■ Work to complete ■
Set the data below down again, exactly, with every picture left out.

■ Dataset section ■
......
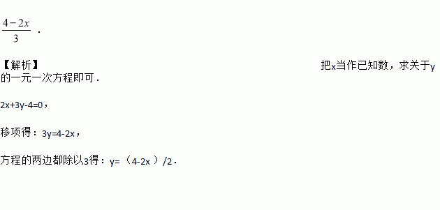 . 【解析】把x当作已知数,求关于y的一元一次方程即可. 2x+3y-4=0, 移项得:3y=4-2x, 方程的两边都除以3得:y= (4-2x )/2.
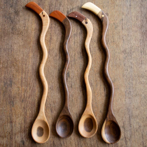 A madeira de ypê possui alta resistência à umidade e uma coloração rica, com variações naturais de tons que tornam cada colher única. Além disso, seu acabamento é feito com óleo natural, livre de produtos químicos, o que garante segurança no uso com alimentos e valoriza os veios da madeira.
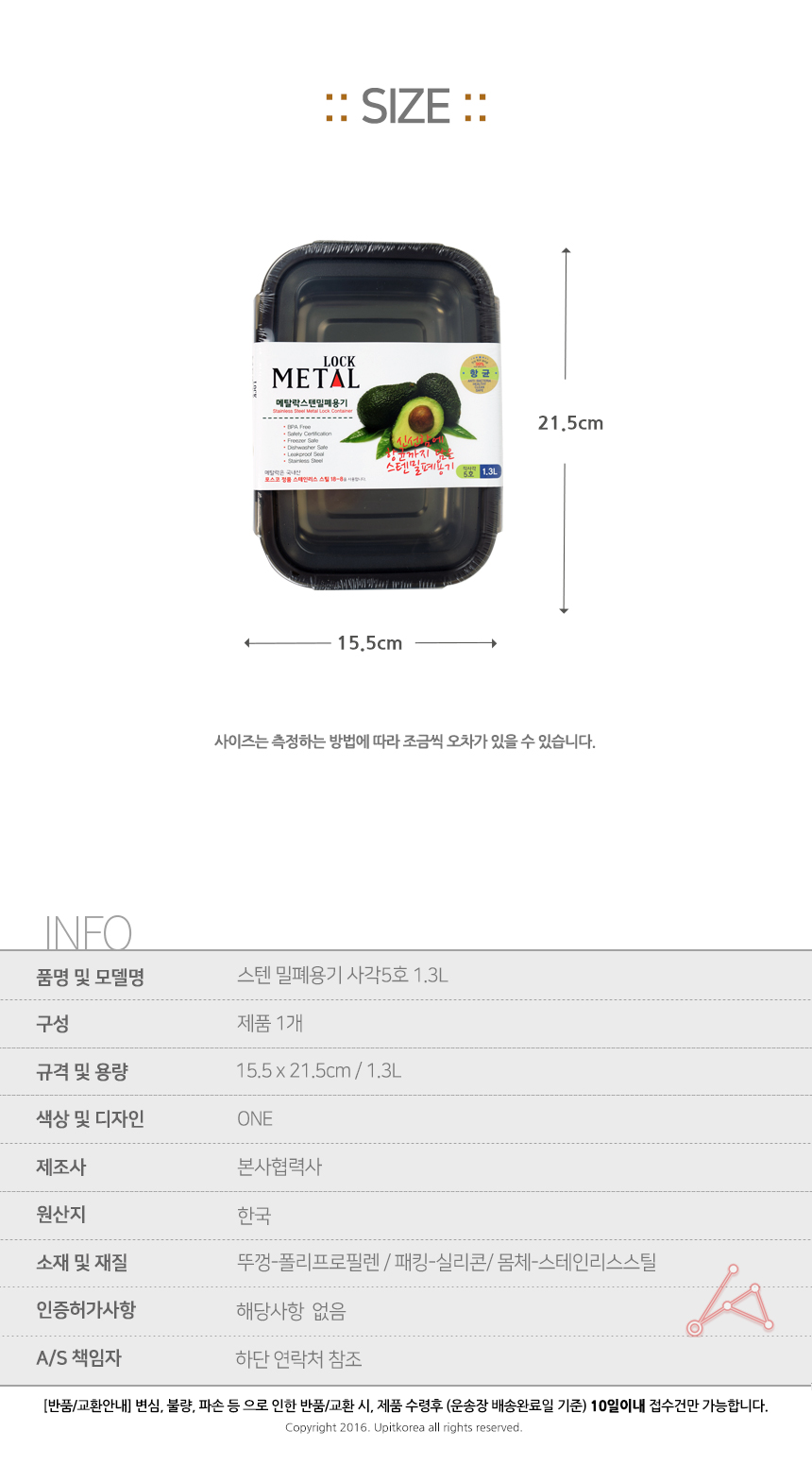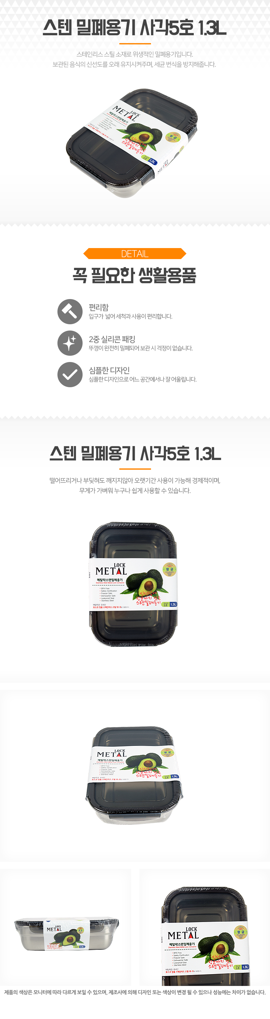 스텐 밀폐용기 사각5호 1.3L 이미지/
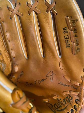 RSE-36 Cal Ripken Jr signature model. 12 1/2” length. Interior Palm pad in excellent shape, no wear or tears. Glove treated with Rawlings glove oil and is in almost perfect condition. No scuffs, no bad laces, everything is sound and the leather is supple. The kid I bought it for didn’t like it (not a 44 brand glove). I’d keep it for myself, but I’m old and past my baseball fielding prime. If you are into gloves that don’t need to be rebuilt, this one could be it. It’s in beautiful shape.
......
■ Answer section ■
 . 【解析】把x当作已知数,求关于y的一元一次方程即可. 2x+3y-4=0, 移项得:3y=4-2x, 方程的两边都除以3得:y= (4-2x )/2.
 A madeira de ypê possui alta resistência à umidade e uma coloração rica, com variações naturais de tons que tornam cada colher única. Além disso, seu acabamento é feito com óleo natural, livre de produtos químicos, o que garante segurança no uso com alimentos e valoriza os veios da madeira.
 스텐 밀폐용기 사각5호 1.3L 이미지/
 RSE-36 Cal Ripken Jr signature model. 12 1/2” length. Interior Palm pad in excellent shape, no wear or tears. Glove treated with Rawlings glove oil and is in almost perfect condition. No scuffs, no bad laces, everything is sound and the leather is supple. The kid I bought it for didn’t like it (not a 44 brand glove). I’d keep it for myself, but I’m old and past my baseball fielding prime. If you are into gloves that don’t need to be rebuilt, this one could be it. It’s in beautiful shape.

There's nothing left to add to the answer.